I'm using an AWS network load balancer. When I issue nslookup dualstack.app.elb.us-east-2.amazonaws.com, the output is

Non-authoritative answer:
Name:   dualstack.app.elb.us-east-2.amazonaws.com
Address: 3.xxx.xxx.176
Name:   dualstack.app.elb.us-east-2.amazonaws.com
Address: 18.xxx.xxx.40

I noticed each of these IPs is in a different availability zone and that only one of the IPs is valid at a single time. Making a request to dualstack.app.elb.us-east-2.amazonaws.com/healthcheck via curl only works half of the time. However making the same request from my browser works 100% of the time because of how chrome has its own method of handling round-robin DNS (related: https://serverfault.com/a/774411, https://serverfault.com/a/852421)

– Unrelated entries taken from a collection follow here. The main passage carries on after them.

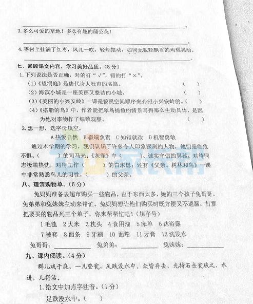 2018长沙开福区三年级下学期期末语文试卷(2)
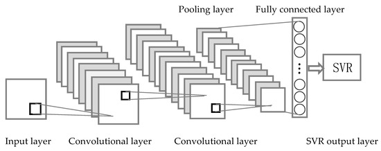 The CNN–SVR hybrid model includes an input layer, two convolutional layers, a pooling layer, a fully connected layer, and an SVR output layer. The input layer is used to accept data input and perform data preprocessing. The convolutional layer is mostly utilized for automatic data feature extraction through the convolutional kernel. The expression of the convolution operation is shown in Equation (1) [34]:
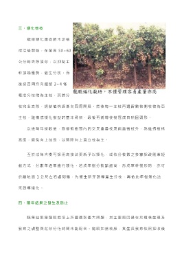 至 於 成 年 大 樹 可 採 用 高 接 法 更 新 予 以 矮 化 , 或 依 分 枝 數 之 多 寡 採 疏 刪 兼 短
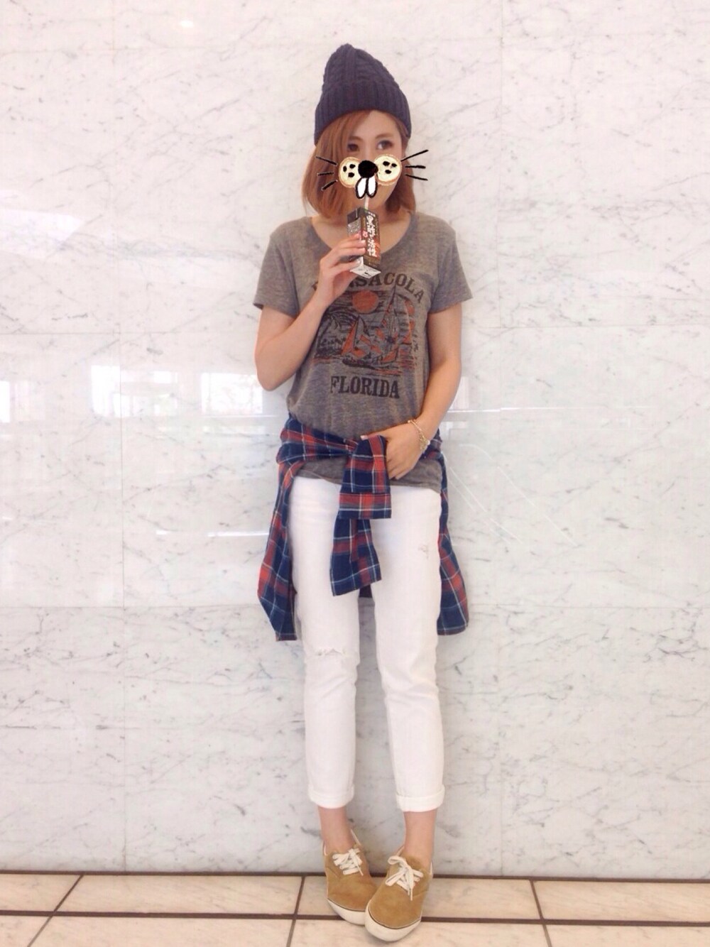 Tシャツ:moussy パンツ:GAP ネルシャツ:moussy スニーカー:moussy GAPのパンツは履き心地良くて、 ダメージ加工もしてあるから少しクールめのスタイルにもgood😊✌️ moussyのTシャツは古着っぽくて好き♡ 今年も夏はたくさんフェス行きたいな🎵
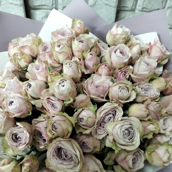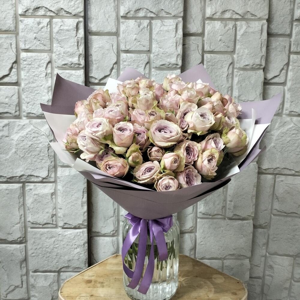 Лента атласная – 1 шт.роза кустовая пионовидная 50 см – 15 шт.урпковка дизайнерская – 2 шт.
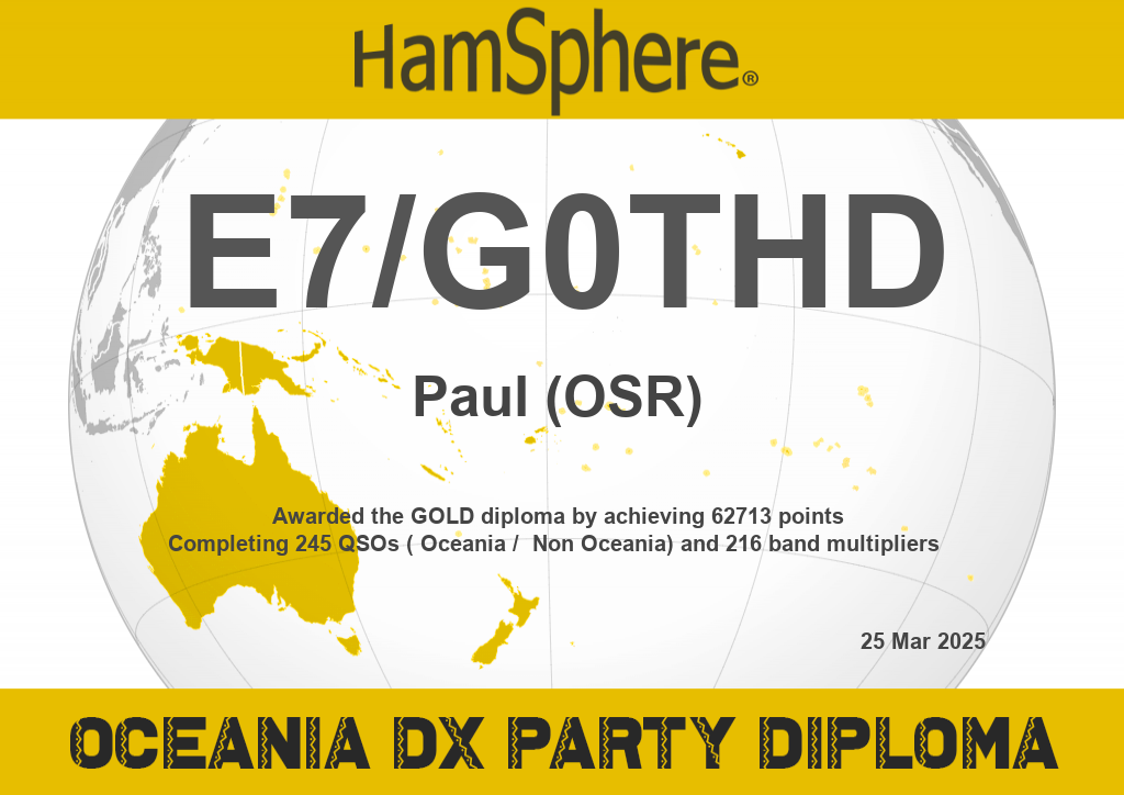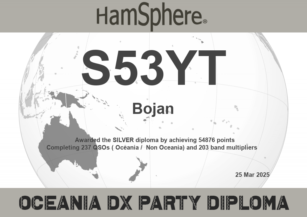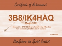 | HamSphere Oceania HF Party 2025 | 2025-03-22 00:00:00 | 2025-03-23 00:00:00 | 2025-03-25 00:00:00 | VIEW | ||||

Is this the intended behavior of NLB, that when multiple IPs are present, only one of them is expected to work at a time?


The answer above tell you why, but not how to solve it. You've said you're using an ELB, which usually refers to the classic ELB rather than ALB / NLB. With ELB you enable cross zone load balancing. It's enabled by default with an ALB, so if you're using one of those this isn't the right answer for you - please update your question and let me know if that's the case.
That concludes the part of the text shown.